- Task brief
Down to the last line, print the entries below exactly, and keep every picture out of the copy.

- Material provided
• • • • •
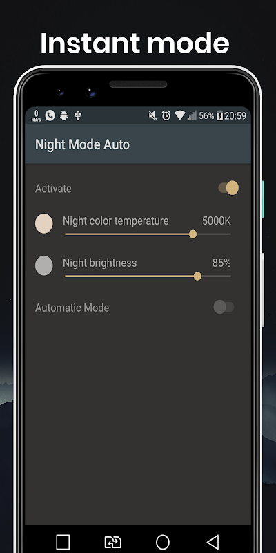 あなたの目は、彼らがスマートフォンの青い光のために緊張しています。夜間モードに行こう。それは自動的です、あなたは再び気にする必要はありません。素晴らしいよ!なぜあなたの目を健康に保ち、あなたの眠りを傷つけないようにしましょう。
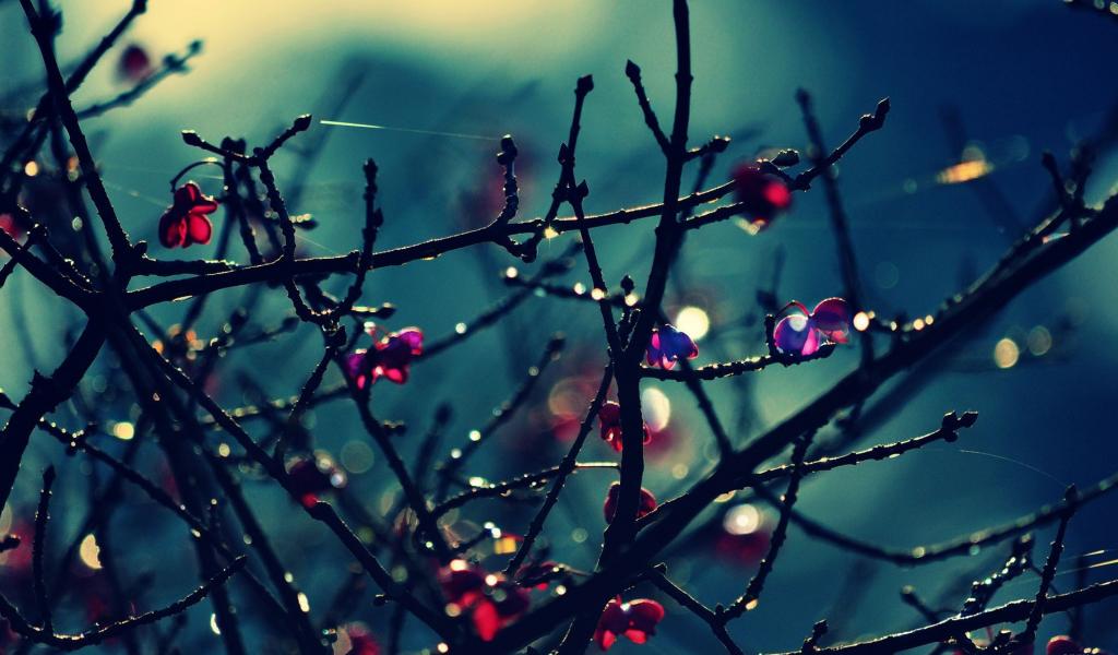 Wallpaper Red flowers on bare branches
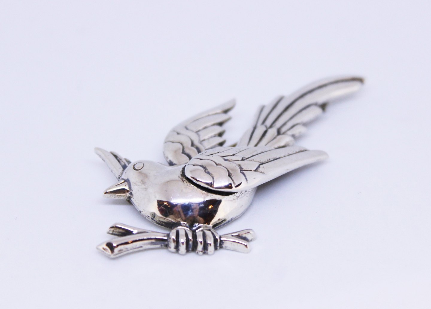Brooch in the shape of a bird in 925 sterling silver and stamped Monet.
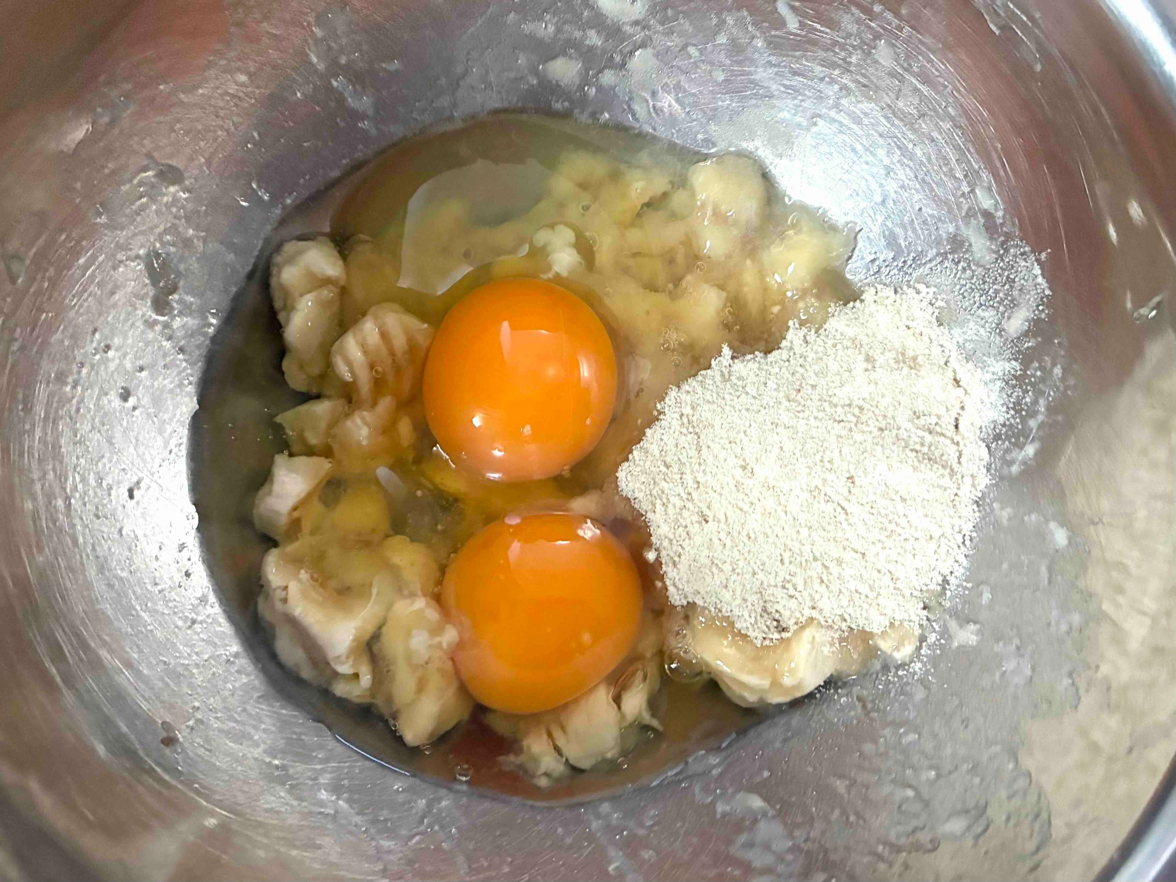 バナナはフォークで粗くつぶすのがコツ。焼き上がった後に、バナナの存在感を感じられますよ。
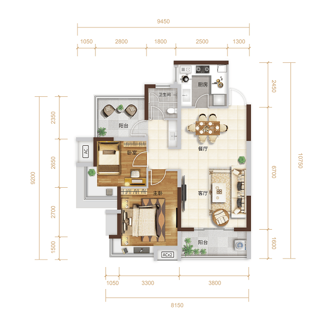 A1户型:83-88㎡两房一厅一卫
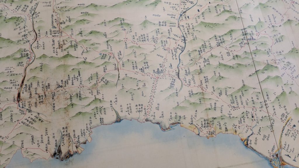 1階には伊能忠敬が作った日本地図のうち、近畿地方の図が原寸大で展示されていました。
• • • • •
- Response
 あなたの目は、彼らがスマートフォンの青い光のために緊張しています。夜間モードに行こう。それは自動的です、あなたは再び気にする必要はありません。素晴らしいよ!なぜあなたの目を健康に保ち、あなたの眠りを傷つけないようにしましょう。
 Wallpaper Red flowers on bare branches
Brooch in the shape of a bird in 925 sterling silver and stamped Monet.
 バナナはフォークで粗くつぶすのがコツ。焼き上がった後に、バナナの存在感を感じられますよ。
 A1户型:83-88㎡两房一厅一卫
 1階には伊能忠敬が作った日本地図のうち、近畿地方の図が原寸大で展示されていました。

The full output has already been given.